Mating and Botswana
Today I hoped to meet up with a friend of a friend, someone running a school and/or a daycare in Botswana, but the tour operator told me, in no uncertain terms, that it wasn't a possibility. I think the words "remote bushcamp" might have reappeared. With any luck, though, I might have moved my schedule a little to make things work. I hope.
But Botswana... Another selling point for the trip. A couple of years ago, I received a book set here. The Christmas gift made me proud as the book required a companion dictionary (and not a pocket-sized one or anything abridge but rather something akin to the OED). My friend must have thought I was smart enough for the book.
Of course, she might have been wrong.
I found myself looking up word after word and stumbling to reach a rhythm in its pages. The descriptions of Botswana and Victoria Falls both made me want to drop anything and fly halfway around the world. Now I have.
"Set in Botswana in the days before the end of apartheid, Norman Rush's novel is, essentially, a comedy of manners played out in Austen's approved milieu: a country village. Granted, the village in question, Tsau, is a utopian society created by the great American anthropologist Nelson Denoon, and run largely by and for disenfranchised and abused African women. Still, the issue that interests Rush (and the one that fueled Austen's novels) is the age-old question of who mates with whom, and why? The unnamed narrator is a 32-year-old postgraduate student in anthropology whose dissertation has just gone south on her. Drifting around the edges of the expatriate community in Gaborone, the capital of Botswana, she first meets Denoon:
"He was smiling at Kgosetlemang--the event was to be considered over with, clearly--and I could tell that his gingivae were as good as mine; which is saying a lot. I attend to my gums. People in the bush don't always attend to their oral hygiene, not to mention other niceties. There was no sign of that here. I of course am fanatical about my gums because my idea of what the movie I Wake Up Screaming is about is a woman who has to keep dating to find her soulmate and she's had to get dentures. I have very long-range anxieties.

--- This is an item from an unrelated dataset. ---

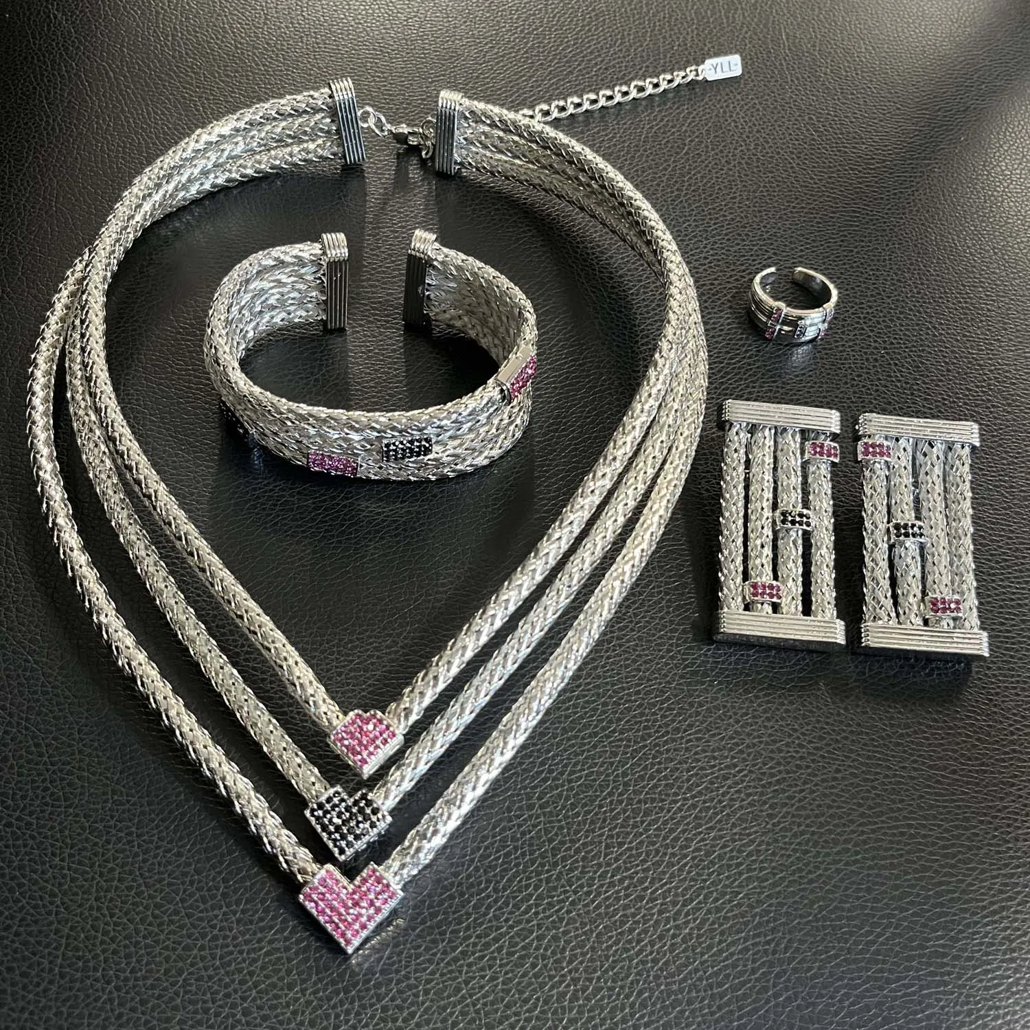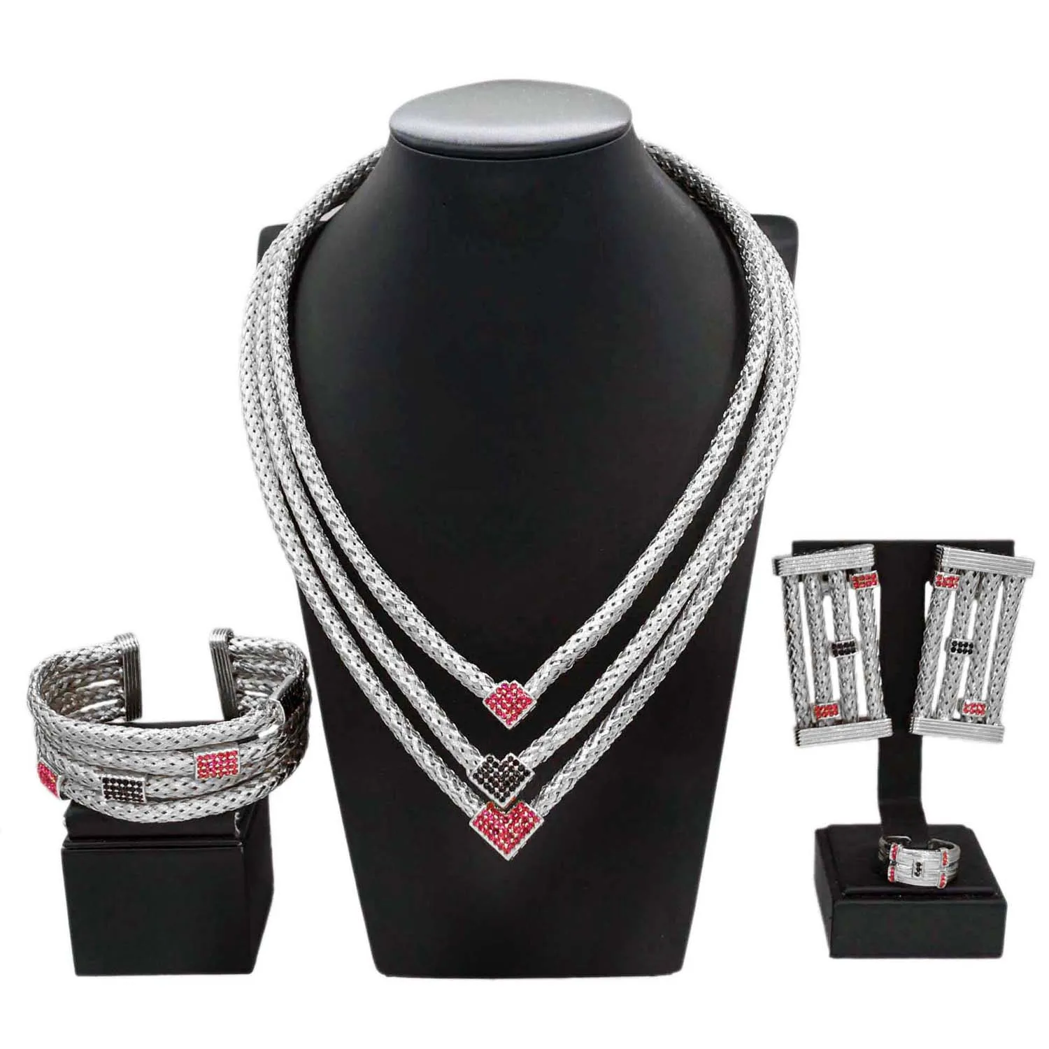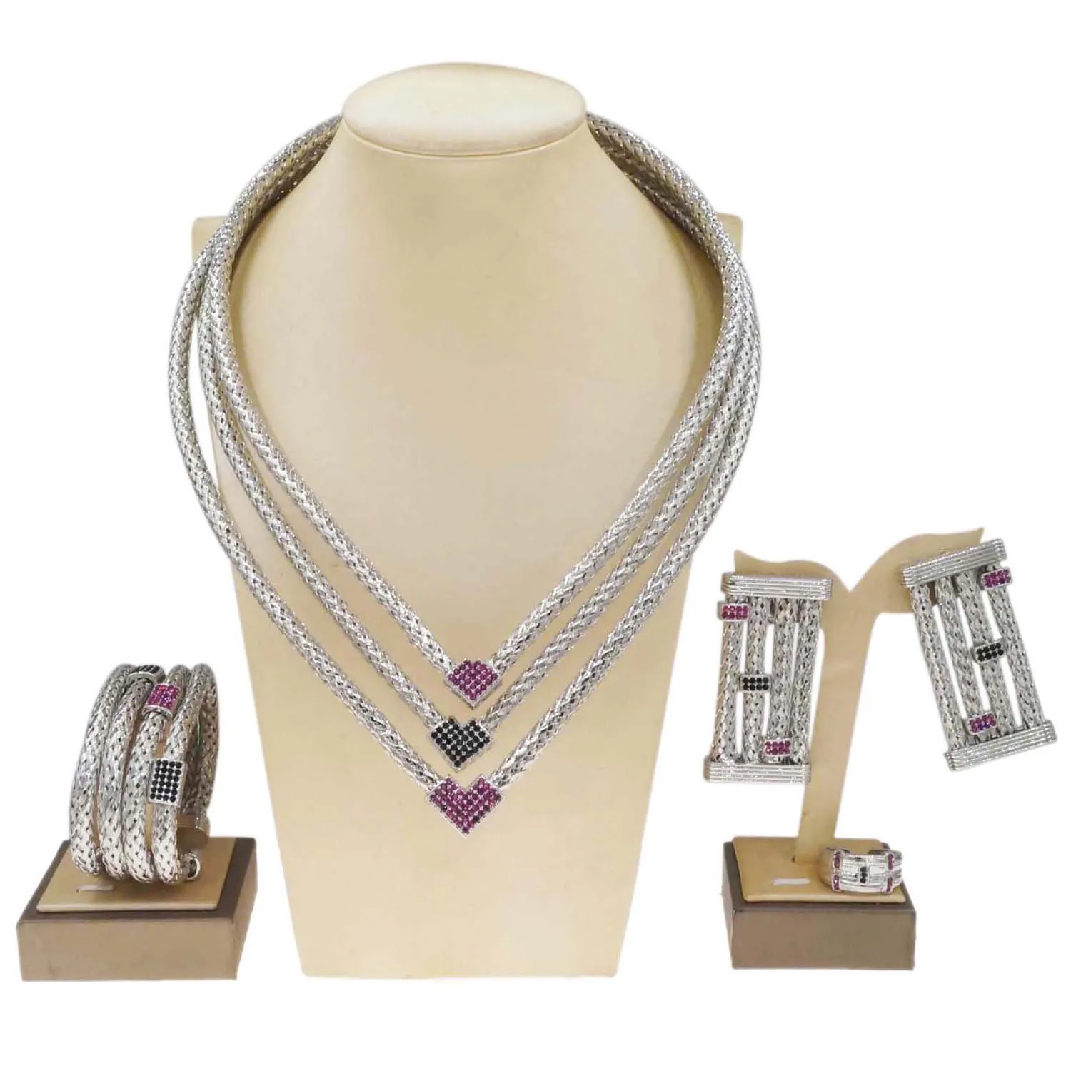 Yulaili's new unique design jewelry set Italian gold plated three layer copper ring advanced African Dubai bride wedding necklace ring

"Entranced by this potential soulmate, our heroine strikes out into the Kalahari Desert with a couple of donkeys and follows him to his utopia where sexual attraction, regional politics, and social experimentation make for very strange bedfellows, indeed."
It might have been the book that swayed me toward this trip versus Kenya and Tanzania, away from the cradle of civilization, to this nation that remained 88 percent undeveloped.
It might have swayed me toward a better dictionary, as well.
Written on December 15 and autoposted to correlate with the trip.